Performance Comparison

Benchmarks vary by workload, but the general findings are:

Throughput: Tokio’s work-stealing scheduler is heavily optimized and generally handles high-connection-count scenarios (10k+ concurrent connections) more efficiently. async-std performs well for moderate loads but has not received the same level of optimization effort.

Latency: Both runtimes deliver sub-millisecond task scheduling latency for typical workloads. Tokio’s io_uring support (via tokio-uring) gives it an edge on Linux for I/O-heavy applications.

Memory: async-std’s lazy thread spawning can result in lower memory usage under light load. Tokio pre-allocates its thread pool, which provides more predictable performance but uses more memory at idle.

For most applications, the performance difference is not the deciding factor. Ecosystem compatibility and API preferences matter more.

Configuration and Tuning

Tokio gives you fine-grained control over the runtime:

use tokio::runtime::Builder;

fn main() {
    let runtime = Builder::new_multi_thread()
        .worker_threads(4)
        .thread_name("my-worker")
        .thread_stack_size(3 * 1024 * 1024)
        .enable_all()
        .build()
        .unwrap();

    runtime.block_on(async {
        println!("Running on custom runtime");
    });
}

You can also create a single-threaded runtime with Builder::new_current_thread(), which is useful for testing or embedded scenarios.

async-std provides less configuration. Its global executor is initialized once and manages threads automatically. This simplicity is a feature if you do not need tuning, but a limitation if you do.

When to Choose Tokio

Pick Tokio when your project depends on libraries from the broader Tokio ecosystem (which covers most production Rust web services), when you need fine-grained runtime configuration, or when you are building a high-performance networked service that demands the most optimized scheduler available.

When to Choose async-std

Pick async-std when you value API simplicity and want async code that looks like synchronous standard library code, when you are building a smaller project with minimal external dependencies, or when you are teaching async Rust and want to reduce cognitive overhead.

Migration Between Runtimes

Migrating between runtimes is possible but not trivial.

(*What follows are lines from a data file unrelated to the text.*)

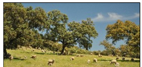
Agroforstsystem: Tierhaltung in Korkeichenhainen

Bewerbungen werden ab sofort angenommen.
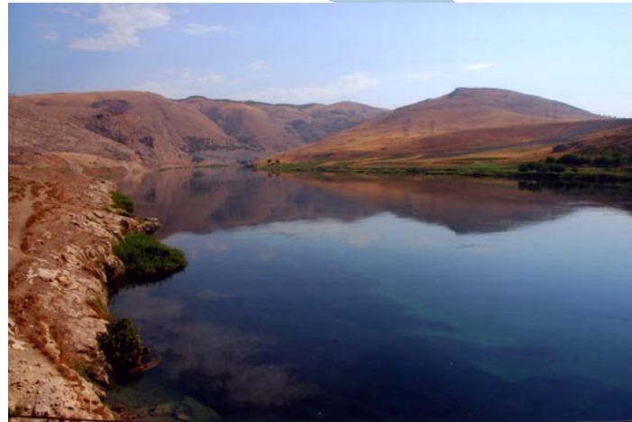
(zona di Sanliurfa)

Rapiti camminiamo in rispettoso silenzio. L'unico suono è quello degli uccelli, mescolato al rumore che soffia lungo i canaloni. Sotto l'occhio attento delle guardie del confine armeno, raggiungiamo la Chiesa del Redentore. Tracce di affreschi raccontano le vite dei santi, il vangelo. Un vociare attira la nostra attenzione. La guardia sta discutendo con due uomini. Sono vestiti in abiti neri, una folta barba nera incornicia i loro volti. Sono armeni. Sono vescovi armeni. Sono arrivati ad Ani attraversando la Georgia. Nei loro occhi la gioia di camminare nella città dei padri, la capitale della Grande Armenia, intravista ogni giorno attraverso il reticolato di un confine invalicabile. E poi in un anfratto di una rovina uno sbattere d'ali. Due piccole bocche voraci che si agitano per avere il cibo. Qui una rondine ha costruito il proprio nido, qui la vita continua e l'animo della Grande Armenia non muore.
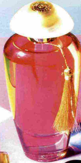
THE MERCHANT OF VENICE Suave Petals, profumo femminile seducente, con flacone in vetro di Murano. 100 ml, 132 euro. themerchantofvenice.com

The main challenges are replacing runtime-specific types (channels, timers, I/O types) and ensuring all transitive dependencies are compatible. Using runtime-agnostic abstractions from the futures crate for core logic can reduce coupling.

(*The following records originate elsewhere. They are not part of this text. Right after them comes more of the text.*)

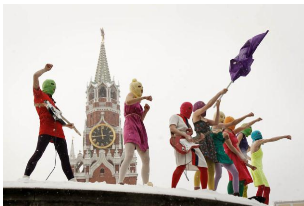
Рисунок 4. Выступление группы Pussy Riot на Лобном месте с песней «Путин зассал» 20 января 2012 года

В контексте исполненной песни Pussy Riot вспоминают события 1968 года, сидячую акцию протеста диссидентов на Красной площади, после которой они были подвергнуты пыткам и отправлены в психбольницы, тюрьмы и ссылки. Те же силовые структуры, что были при Брежнев, остались у власти, они никуда не ушли, считают девушки. Изменились формы авторитаризма, контроля и государственного террора.
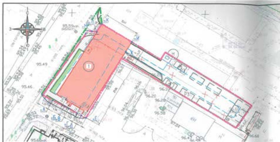
Экспликация зданий и сооружений
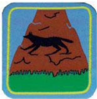
2° momento: Lupo delle rupe

// Runtime-agnostic code using the futures crate
use futures::stream::{self, StreamExt};

async fn process_items(items: Vec<i32>) -> Vec<i32> {
    stream::iter(items)
        .map(|x| async move { x * 2 })
        .buffer_unordered(4)
        .collect()
        .await
}

This function works with either runtime because it depends only on the futures crate.

Wrapping Up

Tokio is the default choice for production Rust async code. Its ecosystem dominance, performance optimizations, and configuration options make it the pragmatic pick for most projects. async-std offers a cleaner API that mirrors the standard library, but its smaller ecosystem limits its viability for complex applications. If you are starting a new project and are unsure, go with Tokio. You will encounter fewer dependency conflicts and find more community resources when you need help.